Ena tragoudi in' i zoi mou (Greek: Ένα τραγούδι είν' η ζωή μου; A song is my life ) is a studio album by Greek singer Marinella. It was released on 27 March 1970 by PolyGram Records in Greece. This album was issued in mono and stereo. The stereo version of this album was released on CD in August 1994 with six bonus tracks and new cover by PolyGram.

== Track listing ==
- Side one.
1. "Pali tha klapso" (Πάλι θα κλάψω; I will cry) – (Nakis Petridis – Sevi Tiliakou) – 3:09
2. "Ti vradia mou apopse" (Τη βραδιά μου απόψε; My evening, tonight) – (Giannis Spanos – Alekos Sakellarios) – 2:26
3. "Kane kardia mou ipomoni" (Κάνε καρδιά μου υπομονή; Have courage, my heart) – (Giorgos Zampetas – Charalampos Vasiliadis) – 2:38
4. "Zografismena sto charti" (Ζωγραφισμένα στο χαρτί; Drawings on paper) – (Mimis Plessas – Akos Daskalopoulos) – 2:27
5. "Kimithike o kalos mou" (Κοιμήθηκε ο καλός μου; My lover, has slept) – (Nakis Petridis – Sevi Tiliakou) – 2:54
6. "Chthes arga" (Χθες αργά; Late last night) – (Giannis Spanos – Kostas Kotoulas) – 3:13
- Side two.
7. "Me pnigi touti i siopi" (Με πνίγει τούτη η σιωπή; This silence suffocates me) – (Giannis Spanos – Kostas Kotoulas) – 3:20
8. "Afimofengato svismeno" (Ασημοφέγγαρο σβησμένο; Blotted out silver moon) – (Stelios Zafeiriou – Sevi Tiliakou) – 2:51
9. "Mavrontymenos in' apopse o ouranos" (Μαυροντυμένος είν' απόψε ο ουρανός; The sky is robed in black tonight) – (Stelios Zafeiriou – Christos Rouhitsas) – 2:54
10. "Se kartero" (Σε καρτερώ; I'm waiting for you) – (Giorgos Zampetas – Charalampos Vasiliadis) – 3:13
11. "T' athanato nero" (Τ' αθάνατο νερό; The immortal water) – (Mimis Plessas – Akos Daskalopoulos) – 3:22
12. "O Nontas" (Ο Νώντας; Nondas) – (Giannis Spanos – Sotia Tsotou) – 2:50

- Bonus tracks on the CD re-issue.
13. "Sti diastavrosi tou dromou" (Στη διασταύρωση του δρόμου; At the junction) – (Theodoros Derveniotis – Kostas Virvos) – 2:44
  - This song had been released as a single on 26 August 1970.

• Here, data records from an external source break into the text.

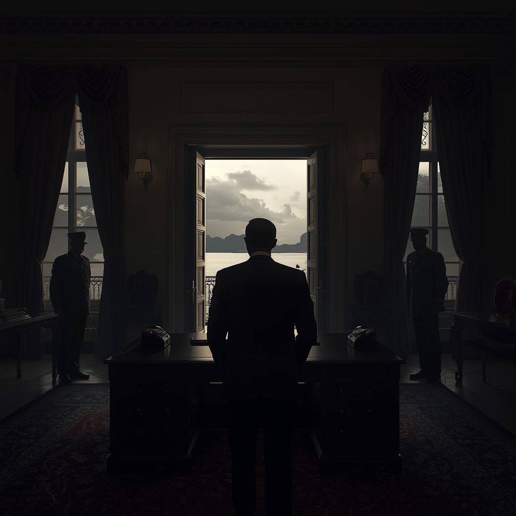 Getúlio levantou-se, caminhou até a janela. Lá fora, o Rio de Janeiro dormia. Ou fingia dormir. Porque em noites de golpe, ninguém realmente dorme. Todos esperam. Aguardam. Temem.
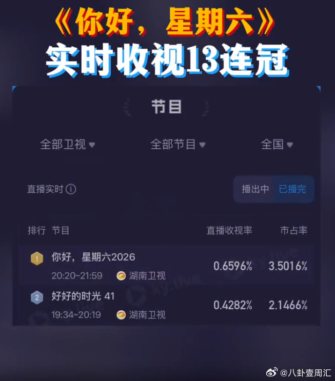 你好星期六收视13连冠你好星期六 哇哦!hi6今晚收视再创新高,喜提13连冠,超
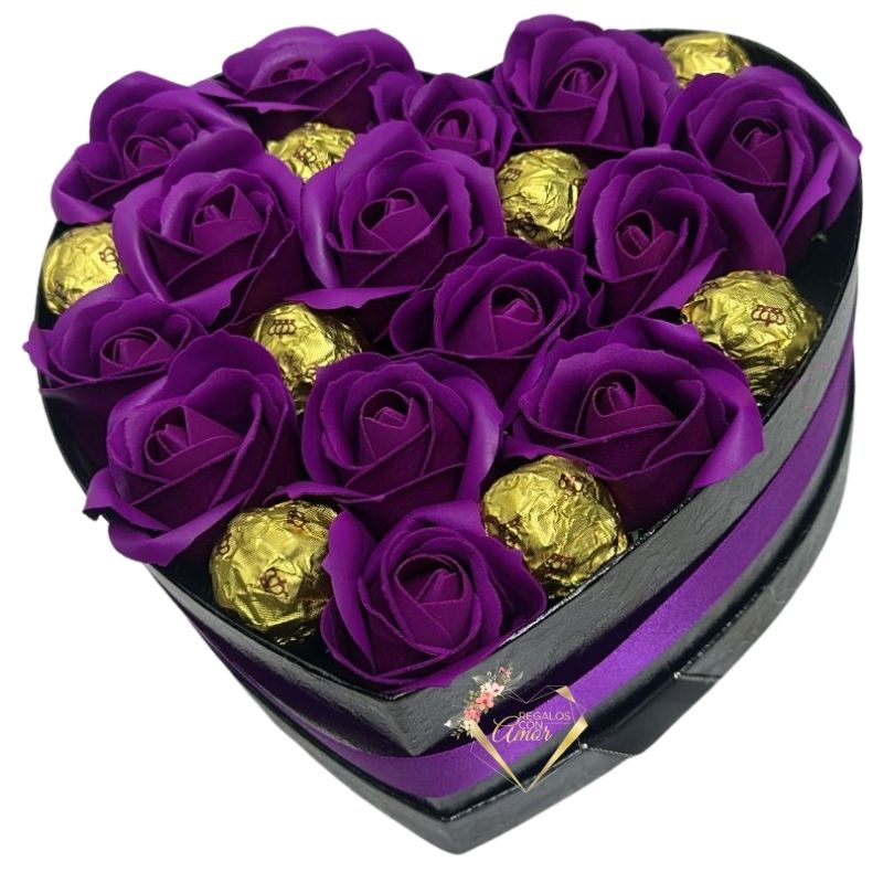 Box Corazón de Rosas 16 Eternas Moradas y 8 Bombones Valente

14. "Dose mou ti floga sou" (Δώσε μου τη φλόγα σου; Give me your flame) – (Theodoros Derveniotis – Kostas Virvos) – 3:09
  - This song had been released as a single on 26 August 1970.
15. "Piretos (Kathe gnorimia)" (Πυρετός; Fever) – (Akis Panou) – 2:45
  - This song had been released as a single on 13 April 1971. A live version appears on Mia Vradia Me Tin Marinella.

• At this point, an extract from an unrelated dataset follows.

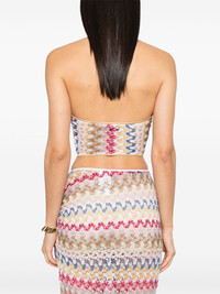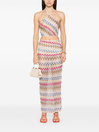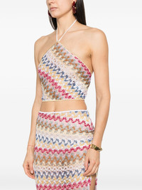 zigzag-pattern tank top Highlights - White - Halterneck tie fastening - Sleeveless - Elasticated underband - The item you receive may differ slightly from the item photographed. this is due to the artisanal nature with which all missoni products are constructed. Made in Italy Composition Viscose 95%, Metallised Fibres 5% SIZE & FIT Model measurements Height 5 ft 11 in(1.8 m) Bust/Chest 33.07 in(84 cm) Hips 37.4 in(95 cm) Waist 25.19 in(64 cm) FittingInformation Designed for a close fit throughout The tie fastening gives an adaptable and personalised fit Made with a fine knit, this piece offers some stretch

16. "Kita me sta matia" (Κοίτα με στα μάτια; Look me in the eyes) – (Akis Panou) – 3:15
  - This song had been released as a single on 13 April 1971.

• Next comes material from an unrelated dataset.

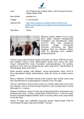 Judul : Soal Distribusi dan Gudang Vaksin, Jabar Perkuat Koordinasi

17. "Akouste" (Ακούστε; Harken) – (Giorgos Katsaros – Pythagoras) – 2:54
  - This song had been released as a single on 12 January 1972. A live version appears on Mia Vradia Me Tin Marinella.
18. "Oute matia dakrismena" (Ούτε μάτια δακρυσμένα; Eyes without tears) – (Giorgos Katsaros – Pythagoras) – 3:09
  - This song had been released as a single on 12 January 1972. A live version appears on Mia Vradia Me Tin Marinella.

== Personnel ==
- Marinella – vocals, background vocals
- Marios Kostoglou – background vocals on "Dose mou ti floga sou", "Akouste" and "Oute matia dakrismena"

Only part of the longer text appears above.